**Provided records:**
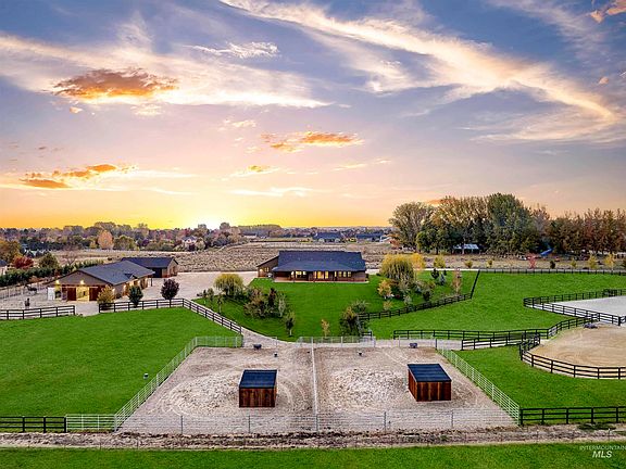 Welcome to the epitome of equestrian living on a picture-perfect and pristine 5-acre parcel located in an area of Eagle that rarely comes on the market. The gated entrance modern home is a sophisticated residence where upscale styling and flawless design provide a living experience blending comfort, style, and functionality. Accentuated by a multitude of horse-enthusiast features. Please request the “Special Amenities” associated with this property as they are extensive, including a 61’ x 40’ insulated barn with indoor/outdoor custom stalls, dedicated tack room and wash bays; oversized, interconnected paddocks, full-size arenas, and a 44’ x 30’ shop providing additional utility. Enjoy the serene feeling of rural living while enjoying forever mountain views, yet only a short drive from Idaho’s best schools, shopping, and dining. Private well water and no HOA assessment.
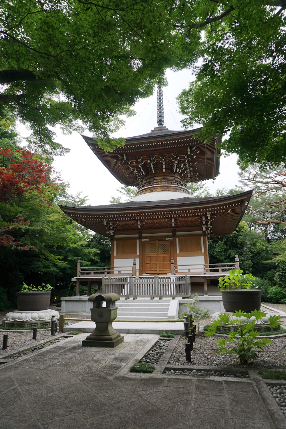 This walled temple ground is located near Kamimachi Station on the Tokyu Setagaya Line. These grounds aren’t particularly large, but the detail put into every aspect makes this place worth visiting. Small statues, fountains and rock formations are hidden by bamboo groves, hedges and carefully shaped trees. A two-tiered pagoda stands in the middle of the grounds; its fresh wood, yet to be weathered by the seasons, gives a modern look to the traditional architecture. Take your time here and look around every corner.
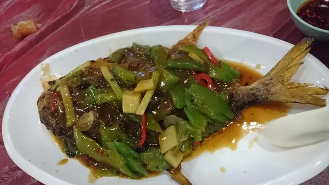 涼瓜䱽魚弄得甚具鑊氣,黃𩶘䱽先經滾油炸過,然後才回鑊與涼瓜共舞。雖然外表香鬆,在濃味底下仍能吃出䱽魚已久經冷藏。不過百元以內的一碟,咱們就不該要求太高了罷!
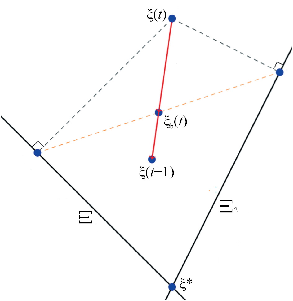 2.2.2. Алгоритм Чиммино. Итеративный алгоритм Чиммино, предложенный в [11], в определенном смысле является прообразом распределенных многоагентных алгоритмов, рассматриваемых в разд. 3. Его отличием от алгоритма Качмаржа является то, что на итерации ξ(t) проектируется одновременно на все гиперплоскости. Затем вычисляется центр масс полученных проекций ξb(t), который может быть выбран в качестве следующего приближения ξ(t + 1). Более общо, следующее приближение может быть получено как
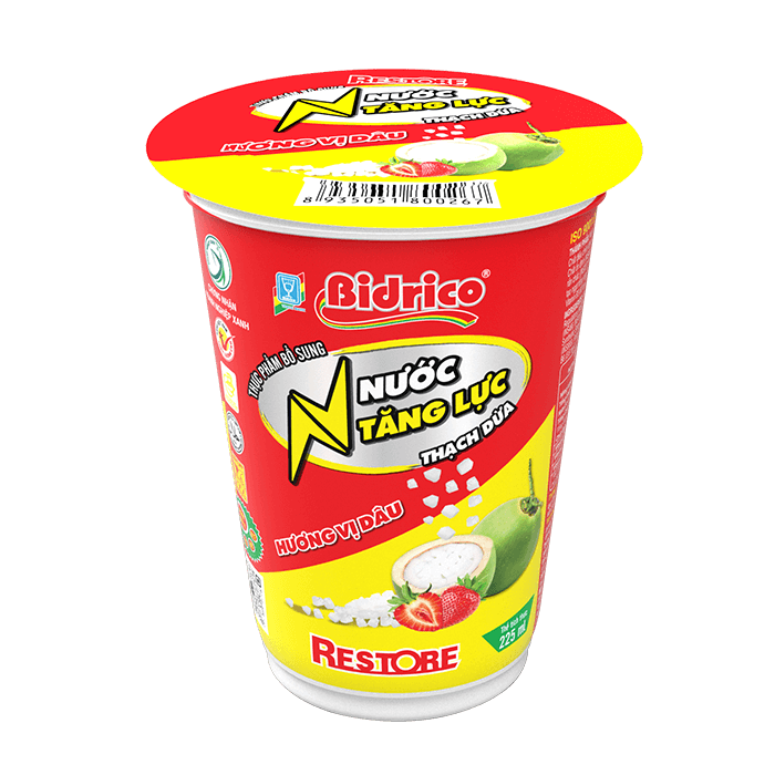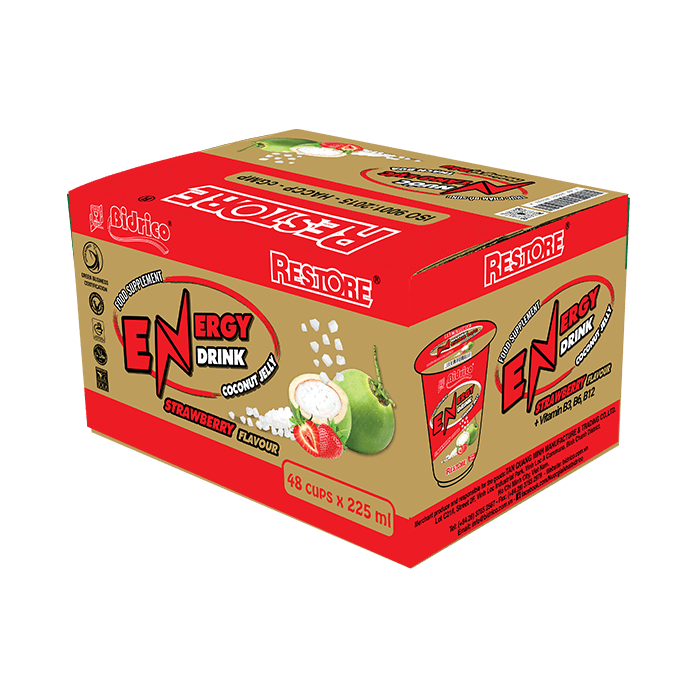 Với thiết kế nhỏ gọn, tiện lợi đựng trong ly 225ml giúp dễ dàng mang theo khi hoạt động ngoài trời. Cùng với hệ thống sản xuất an toàn và vệ sinh, nước tăng lực thạch dừa hương vị dâu Restore tự tin mang đến cho khách hàng những trải nghiệm sản phẩm tốt và chất lượng.
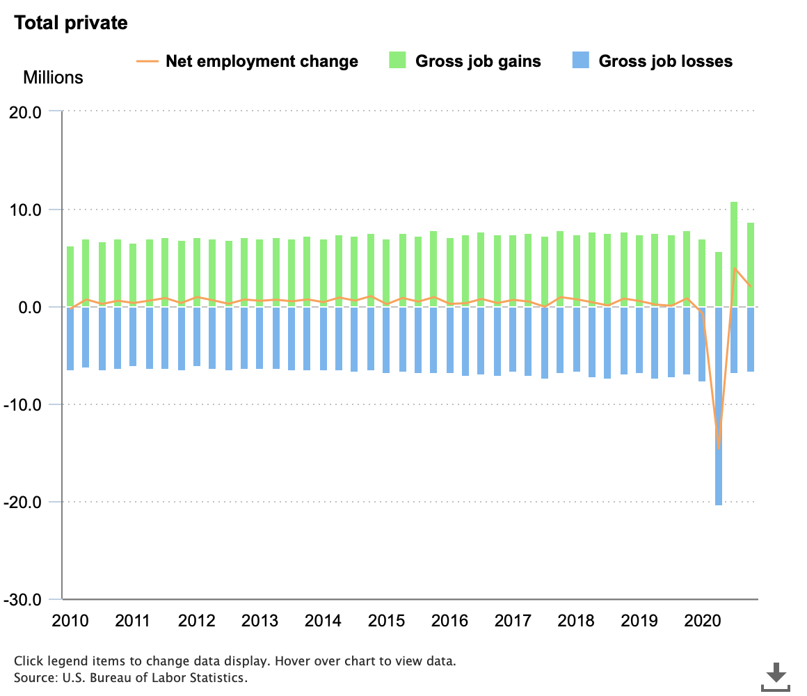 Gross job gains exceeded gross job losses in all 13 major industries in the fourth quarter of 2020:
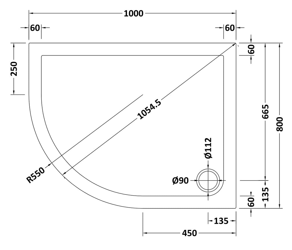 NUIE Offset Quadrant Shower Tray LH 1000 x 800mm

**To do:** All of the data is to be transcribed exactly, with images omitted.

**Solution for this exercise:**
 Welcome to the epitome of equestrian living on a picture-perfect and pristine 5-acre parcel located in an area of Eagle that rarely comes on the market. The gated entrance modern home is a sophisticated residence where upscale styling and flawless design provide a living experience blending comfort, style, and functionality. Accentuated by a multitude of horse-enthusiast features. Please request the “Special Amenities” associated with this property as they are extensive, including a 61’ x 40’ insulated barn with indoor/outdoor custom stalls, dedicated tack room and wash bays; oversized, interconnected paddocks, full-size arenas, and a 44’ x 30’ shop providing additional utility. Enjoy the serene feeling of rural living while enjoying forever mountain views, yet only a short drive from Idaho’s best schools, shopping, and dining. Private well water and no HOA assessment.
 This walled temple ground is located near Kamimachi Station on the Tokyu Setagaya Line. These grounds aren’t particularly large, but the detail put into every aspect makes this place worth visiting. Small statues, fountains and rock formations are hidden by bamboo groves, hedges and carefully shaped trees. A two-tiered pagoda stands in the middle of the grounds; its fresh wood, yet to be weathered by the seasons, gives a modern look to the traditional architecture. Take your time here and look around every corner.
 涼瓜䱽魚弄得甚具鑊氣,黃𩶘䱽先經滾油炸過,然後才回鑊與涼瓜共舞。雖然外表香鬆,在濃味底下仍能吃出䱽魚已久經冷藏。不過百元以內的一碟,咱們就不該要求太高了罷!
 2.2.2. Алгоритм Чиммино. Итеративный алгоритм Чиммино, предложенный в [11], в определенном смысле является прообразом распределенных многоагентных алгоритмов, рассматриваемых в разд. 3. Его отличием от алгоритма Качмаржа является то, что на итерации ξ(t) проектируется одновременно на все гиперплоскости. Затем вычисляется центр масс полученных проекций ξb(t), который может быть выбран в качестве следующего приближения ξ(t + 1). Более общо, следующее приближение может быть получено как
 Với thiết kế nhỏ gọn, tiện lợi đựng trong ly 225ml giúp dễ dàng mang theo khi hoạt động ngoài trời. Cùng với hệ thống sản xuất an toàn và vệ sinh, nước tăng lực thạch dừa hương vị dâu Restore tự tin mang đến cho khách hàng những trải nghiệm sản phẩm tốt và chất lượng.
 Gross job gains exceeded gross job losses in all 13 major industries in the fourth quarter of 2020:
 NUIE Offset Quadrant Shower Tray LH 1000 x 800mm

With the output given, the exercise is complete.